Continuous coiled remedial tubing and injectors for use therewith have contributed substantially to conventional remedial tubing operations. For example, coil tubing, being continuous, can be inserted into the well faster than threaded and coupled tubing which is furnished in relatively short sections that must be screwed together. In addition, it is easier, when required, to pass continuous tubing through stuffing boxes and blowout preventers because its external diameter is consistently the same size and not interrupted periodically by couplings. The coiled remedial tubing normally is made of steel and is commercially available in sizes from 0.75 inch o.d. through 1.315 inch o.d., but may have a smaller or larger diameter. Typical of such remedial coil tubing and injectors is that generally described in U.S. Pat. No. 3,182,877. The apparatus is commercially referred to as the "Bowen Continuous Spring Tubing Injector Unit" and basically comprises a hydraulically powered injector unit which feeds a continuous remedial tubing string from a coiled or "spooled" workstring contained on a powered and generally portable reel unit into the wellhead by means of two opposed, endless, rotating traction members. Such a reel unit is generally described in U.S. Pat. No. 3,614,019. The upper end of the string which remains on the reel is conventionally connected to the hollow shaft of the reel which permits a liquid or a gas to be pumped through the coiled remedial tubing string by means of a swivel connection. The injector and reel are normally mounted on a single transportable skid, a trailer, or, alternatively, may be componently arranged on skids to facilitate convenient offshore use.
To inject remedial coiled tubing, the injector is arranged on or above the wellhead. The reel unit, containing up to approximately 15,000 feet of continuous coiled metal remedial tubing, is located preferably about 15 to 20 feet from the wellhead. The remedial coiled tubing is brought from the reel in a smooth arc loop through the injector unit and into the well through pressure retention and control equipment.
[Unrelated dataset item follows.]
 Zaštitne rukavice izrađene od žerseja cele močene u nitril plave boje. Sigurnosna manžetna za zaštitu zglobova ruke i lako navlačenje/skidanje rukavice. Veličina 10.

For many years the desirability of utilizing a subterranean wellbore having a non-vertical or horizontal portion traversing a production formation has been known and appreciated in the prior art. Laterally directed bores are drilled radially, usually horizontally from the primary vertical wellbore, in order to increase contact with the production formation. Most production formations have a substantial horizontal portions and, when conventional vertical wellbores are employed to tap such production formations, a large number of vertical bores must be employed. With the drilling of a wellbore having a non-vertical or horizontal portion traversing the production formation, a much greater area of the production formation may be traversed by the wellbore and the total field of drilling costs may be substantially decreased. Additionally, after a particular horizontal wellbore has produced all of the economically available hydrocarbons, the same vertical wellbore may be re-drilled to establish another horizontal portion extending in another direction and thus prolong the utility of the vertical portion of the well and increase the productivity of the well to include the total production formation.
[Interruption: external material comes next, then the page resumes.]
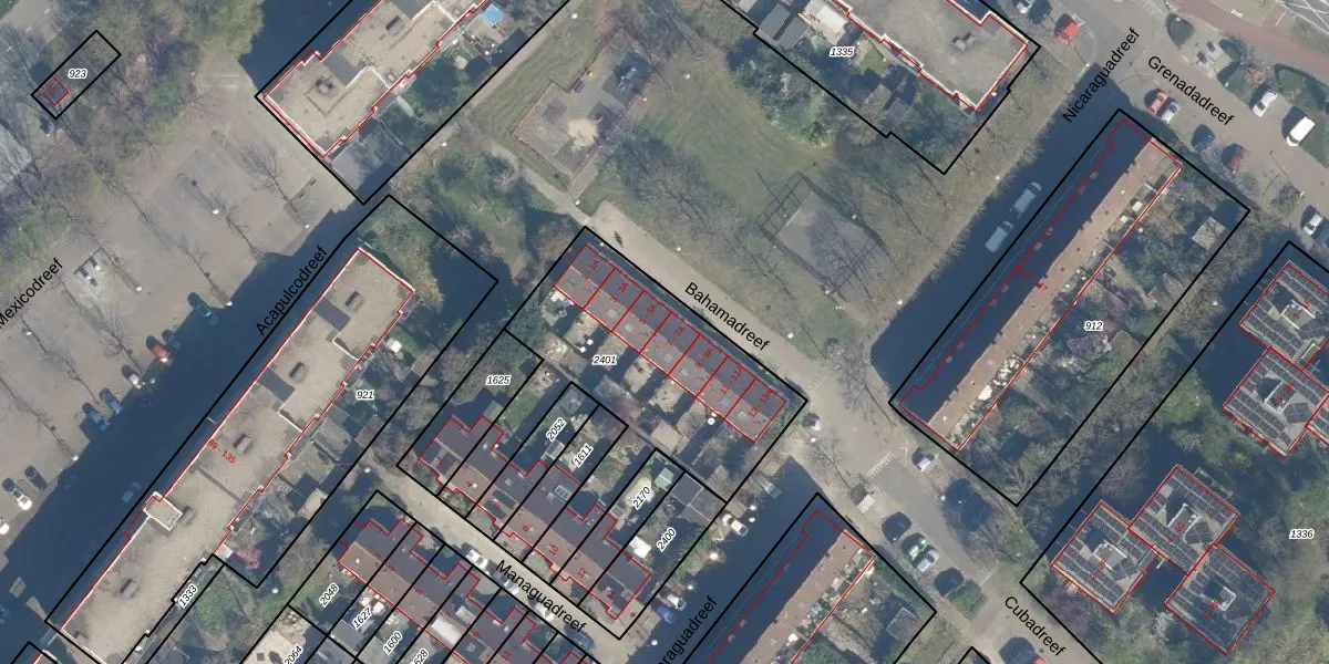 Het perceel waarop Bahamadreef 7 staat heeft een oppervlakte van 1115 m². Dit is een zeer groot perceel. De perceeloppervlakte wordt geregistreerd door het Kadaster. Gedetailleerde informatie over de maten van dit perceel kunt u vinden in het rapport Kadastrale kaart met maatvoering van Bahamadreef 7.

By use of and reference to the phrase "wellbore" herein, it is intended to include both cased and uncased wells. When uncased wells are completed, the bore hole wall defines the maximum hole diameter at a given location. When cased wells are completed, the "wall" of the well will be the internal diameter of the casing conduit.
By use of the phrase "deviated well" and "deviated wellbore", it is meant to refer to wells and wellbores which comprise a vertical entry section communicating through a relatively short radius curvature portion with a non-vertical or horizontal portion communicating with the production formation. In most instances, the production formation extends for a substantial horizontal extent and the generally liner wellbore portion traverses a substantial horizontal extent of the production formation, at least up to a distance of 1000 to 2000 feet, or more. The radius portion of the wellbore has a curvature of at least 10° per 100 feet of length, and preferably a curvature lying in the range of 10° to 30° per 100 feet of length.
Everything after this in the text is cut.